(Beginning of DATA FOR ANALYSIS)

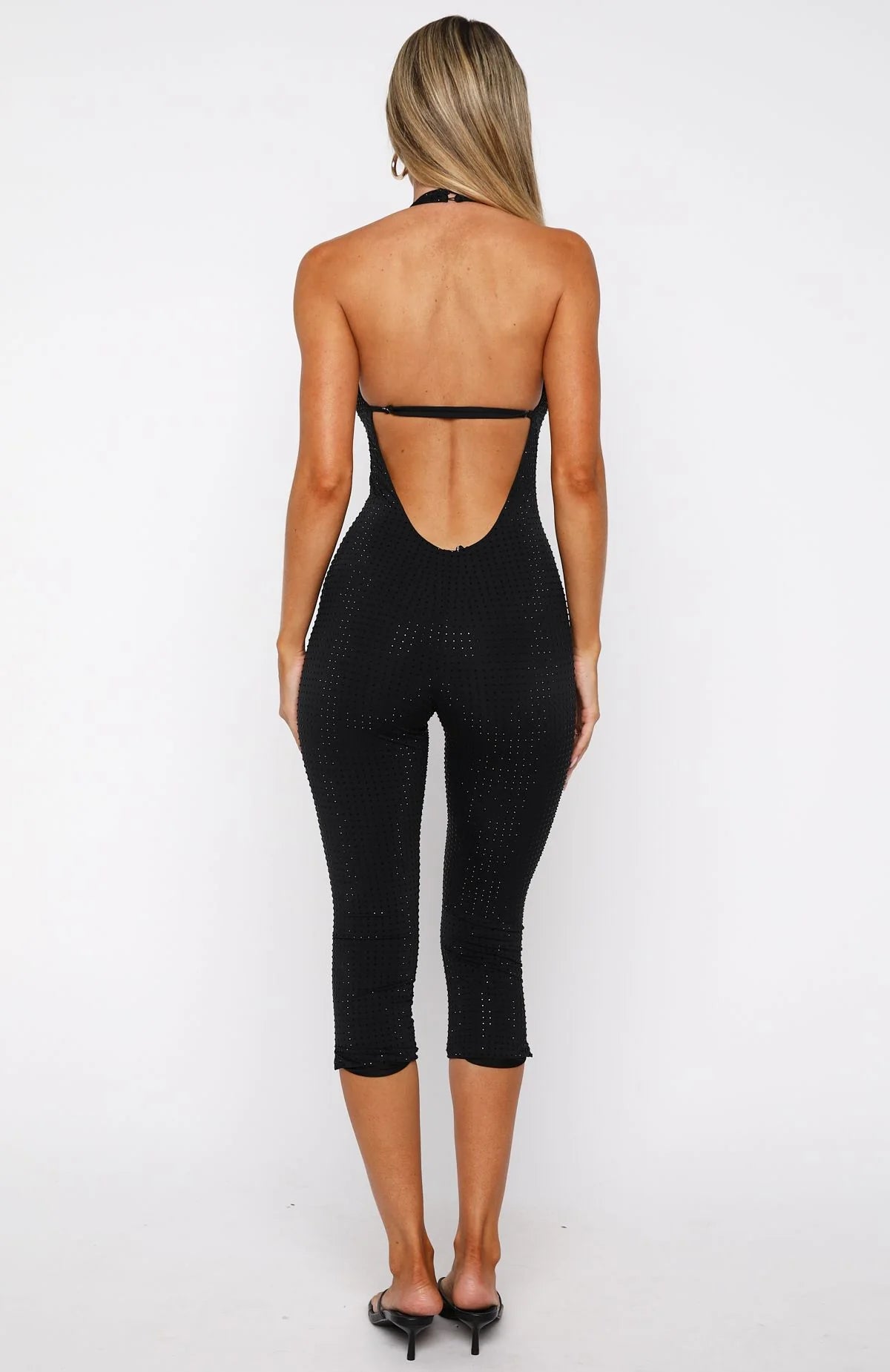 One for the outfit diary! The Retrograde Romance Embellished Jumpsuit in Black features a halter strap with a button closure at the nape, a soft scoop neckline, and a figure‑hugging silhouette. Capri‑length trousers meet a bold backless cut with an adjustable strap, while full lining, sparkling diamante embellishments, and stretchy fabric complete this standout look. Slide into clear heels and stack delicate gold necklaces and rings for a Paris night that glows just as bright as the city lights.
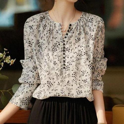[셀러허브_여성트랜드패션]Rly 여성 간절기 긴팔 셔츠 잔꽃 플라워 프린팅 블라
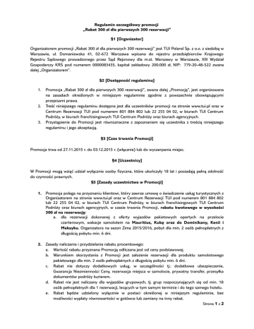 Regulamin szczegółowy promocji „Rabat 300 zł dla pierwszych 300 rezerwacji” §1 [Organizator] Organizatorem promocji „Rabat 300 zł dla pierwszych 300 rezerwacji” jest TUI Poland Sp. z o.o. z siedzibą w Warszawie, ul. Domaniewska 41, 02-672 Warszawa wpisana do rejestru przedsiębiorców Krajowego Rejestru Sądowego prowadzonego przez Sąd Rejonowy dla m.st. Warszawy w Warszawie, XIII Wydział Gospodarczy KRS pod numerem 0000083435, kapitał zakładowy 200.000 zł, NIP: 779-20-48-522 zwana dalej „Organizatorem”. §2 [Dostępność regulaminu] 1. Promocja „Rabat 300 zł dla pierwszych 300 rezerwacji”, zwana dalej „Promocją”, jest organizowana na zasadach określonych w niniejszym regulaminie zgodnie z powszechnie obowiązującymi przepisami prawa. 2. Treść niniejszego regulaminu dostępna jest dla uczestników promocji na stronie www.tui.pl oraz w Centrum Rezerwacji TUI pod numerem 801 884 802 lub 22 255 04 02, w biurach TUI Centrum Podróży, w biurach franchisingowych TUI Centrum Podróży oraz biurach agencyjnych. 3. Przystąpienie do Promocji jest równoznaczne z zapoznaniem się uczestnika z treścią niniejszego regulaminu i jego akceptacją. §3 [Czas trwania Promocji] Promocja trwa od 27.11.2015 r. do 03.12.2015 r. (włącznie) lub do wyczerpania miejsc. §4 [Uczestnicy] W Promocji mogą wziąć udział wyłącznie osoby fizyczne, które ukończyły 18 lat i posiadają pełną zdolność do czynności prawnych. §5 [Zasady uczestnictwa w Promocji] 1. Promocja polega na przyznaniu klientowi, który zawrze umowę o świadczenie usług turystycznych z Organizatorem na stronie www.tui.pl oraz w Centrum Rezerwacji TUI pod numerem 801 884 802 lub 22 255 04 02, w biurach TUI Centrum Podróży, w biurach franchisingowych TUI Centrum Podróży oraz biurach agencyjnych, w czasie trwania Promocji, rabatu kwotowego w wysokości 300 zł na rezerwację: a. dla rezerwacji dokonanej z oferty wyjazdów pakietowych opartych na przelocie czarterowym, wakacje samolotem na Mauritius, Kubę oraz do Dominikany, Kenii i Meksyku. Organizatora na sezon Zima 2015/2016, pobyt dla min. 2 osób pełnopłatnych z długością pobytu min. 6 dni. 2. Zasady naliczania i przydzielania rabatu procentowego: a. Wartość rabatu przyznana Promocją odliczana jest od ceny podstawowej. b. Warunkiem skorzystania z Promocji jest założenie rezerwacji dla produktu samolotowego pakietowego dla min. 2 osób pełnopłatnych z długością pobytu min. 6 dni. c. Rabat nie dotyczy dodatkowych usług, w szczególności tj.: dodatkowe ubezpieczenie, Gwarancja Niezmienności Ceny, rezerwacja miejsca w samolocie, prywatny transfer, przesyłka dokumentów podróży kurierem. d. Rabat nie jest naliczany dla wyjazdów grupowych, tj. grup rozpoczynających się od min. 18 osób pełnopłatnych dla 1 rezerwacji, lecących w tym samym terminie i do tego samego hotelu. e. Rabat będzie udzielony wyłącznie w postaci określonej w niniejszym regulaminie, bez możliwości wypłaty równowartości w gotówce lub zamiany na inny rabat. Strona 1 z 2 3. Promocja nie łączy się z promocją „Najtaniej w First Minute® - Lato 2016 – III etap”., „7% rabat First Minute® - Wakacje Samochodem Lato 2016– III etap”, 4. Uczestnictwo w Promocji jest dobrowolne. §6 [Skutki zmiany rezerwacji] 1. W przypadku rezygnacji z imprezy turystycznej przez uczestnika Promocji, zastosowanie mają postanowienia umowy o świadczenie usług turystycznych oraz Warunki Imprez Turystycznych Organizatora. 2. W przypadku rozwiązania umowy o świadczenie usług turystycznych z przyczyn leżących po stronie Organizatora uczestnicy nabywają prawo do zachowania korzyści wynikających z Promocji, ale zgodnych z postanowieniami niniejszego regulaminu. Rabat jest naliczany od cen podstawowych dostępnych dla klienta na www.tui.pl przy alternatywnej propozycji zaproponowanej przez Organizatora. 3. W przypadku zmian rezerwacji dokonywanych przez uczestnika Promocji zastosowanie mają postanowienia umowy o świadczenie usług turystycznych oraz Warunki Imprez Turystycznych Organizatora. Przyznany klientowi rabat na podstawie niniejszego regulaminu w momencie zawarcia umowy o świadczenie usług turystycznych i obliczany jest od wartości rezerwacji po zmianach. §7 [Reklamacje] 1. Wszystkie roszczenia, reklamacje, uwagi i zastrzeżenia do przebiegu Promocji można składać wyłącznie pisemnie na adres Organizatora: ul. Domaniewska 41, 02-672 Warszawa przez cały czas trwania Promocji, nie później jednak niż w terminie 14 dni od dnia zakończenia Promocji (o rozpatrzeniu reklamacji decyduje data stempla pocztowego). 2. Reklamacja powinna zawierać: imię, nazwisko, adres, jak również dokładny opis i powód reklamacji. 3. Reklamacje złożone po upływie terminu, o którym mowa w ust. 1 powyżej nie będą rozpatrywane. 4. Reklamacje Organizator rozpatruje w terminie 14 dni od dnia ich otrzymania. Reklamacje będą rozpatrywane w oparciu o postanowienia niniejszego regulaminu. Uczestnik zostanie poinformowany o decyzji Organizatora na adres wskazany w reklamacji. §8 [Postanowienia końcowe] 1. Administratorem danych osobowych jest Organizator. 2. Organizator informuje uczestników, że ich dane osobowe będą przetwarzane wyłącznie w związku z wykonaniem postanowień niniejszego regulaminu, w celu przeprowadzenia Promocji. 3. Uczestnicy mają prawo dostępu do treści swoich danych osobowych oraz do ich poprawiania. Podanie danych osobowych w celu realizacji Promocji jest dobrowolne, choć niezbędne dla prawidłowego przeprowadzenia Promocji. 4. Niniejszy regulamin wchodzi w życie z dniem 27.11.2015r. Strona 2 z 2
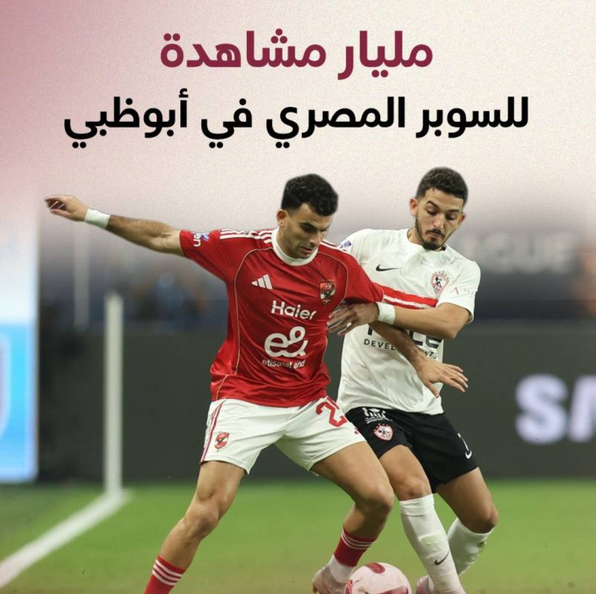ملاعب - أعلنت رابطة المحترفين الإماراتية عن رقم تاريخي وقياسي غير مسبوق لمشاهدات كأس السوبر المصري والذي تستضيفه العاصمة أبوظبي بين الاهلي والزمالك والتي انتهت بفوز الاهلي 2-0.
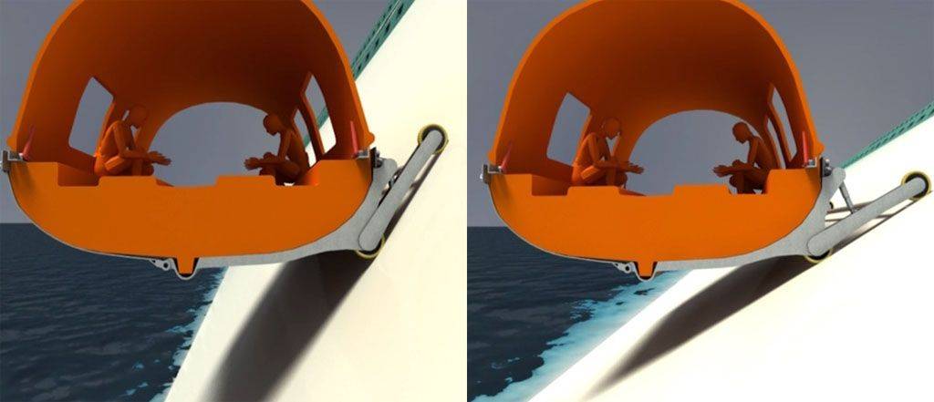 Como explican los propios diseñadores, hasta la fecha, en casos de accidentes en buques que provoquen una gran escora, como ocurrió en el caso del Costa Concordia, se corre un gran riesgo de no poder usar los botes en una de las bandas. Cuando esta escora supera los 20 grados, no puede garantizarse en condiciones de seguridad el arriado de los botes salvavidas situados en la banda opuesta al sentido de la inclinación del buque. Esto se debe a que su costado interfiere durante el proceso de arriado, dejando los botes de esa banda inutilizados.
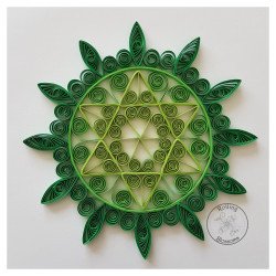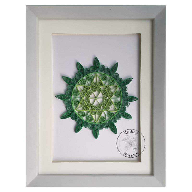 Quilled Anahata chakra in shades of green. This design is about 4 inches in diameter and can be mounted in a black or white 9x7 frame. Please fill in your frame selection in the customization fields below.
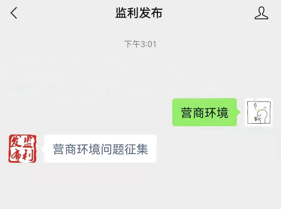 进入“监利发布”公众号,在对话框输入“营商环境”关键词,点击弹出链接,即可进入“营商环境问题线索征集”专栏留言。
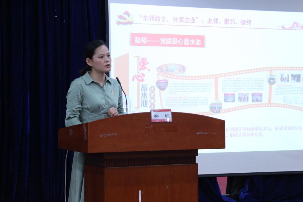 林虹结合自身丰富的基层治理工作经验,以“近邻党建”思维导图为框架,深入剖析了湖里街道南山新村小区、东兴小区、东渡社区共建共治共享的生动案例,并以“一齐来治家”五字诀精妙地概括了近邻党建的实现路径,将近邻党建“是什么”“怎么做”血肉丰满地展现出来,为兼职辅导员开展学生社区治理工作进行“手把手”式的指导。她指出,基层治理的“牛鼻子”在于激发基层党组织的力量,要把支部建在小区上,通过选优配强社区党支部书记凝核心、挖掘社区能人力量聚合力、优化整合社会资源壮大党建“朋友圈”,形成治理正循环。林虹强调,工作过程中还要注重培育党建典型,抓好品牌建设,既要“埋头干”,也要“大声喊”,通过用活用好党建典型培育十项准则讲好社区故事、不断发出党建好声音,实现“近邻党建”探索的生动化呈现。
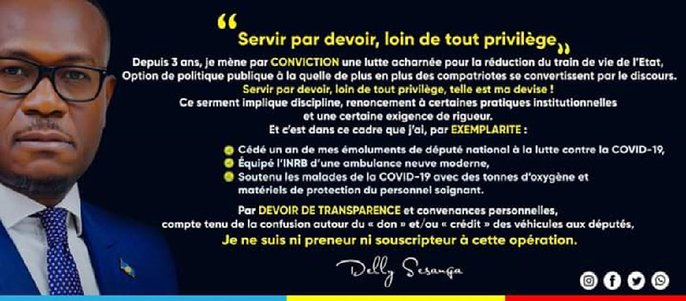 500 véhicules pour les députés : “Don ou crédit”, Delly Sesanga se dit ni preneur ni souscripteur

(End of DATA FOR ANALYSIS)

ASSIGNED TASK >> Print the data exactly, from its first line to the line containing "[셀러허브_여성트랜드패션]Rly 여성 간절기 긴팔 셔츠 잔꽃 플라워 프린팅 블라", both included. Omit the pictures.

RESULT FOR THIS EXERCISE >>
 One for the outfit diary! The Retrograde Romance Embellished Jumpsuit in Black features a halter strap with a button closure at the nape, a soft scoop neckline, and a figure‑hugging silhouette. Capri‑length trousers meet a bold backless cut with an adjustable strap, while full lining, sparkling diamante embellishments, and stretchy fabric complete this standout look. Slide into clear heels and stack delicate gold necklaces and rings for a Paris night that glows just as bright as the city lights.
[셀러허브_여성트랜드패션]Rly 여성 간절기 긴팔 셔츠 잔꽃 플라워 프린팅 블라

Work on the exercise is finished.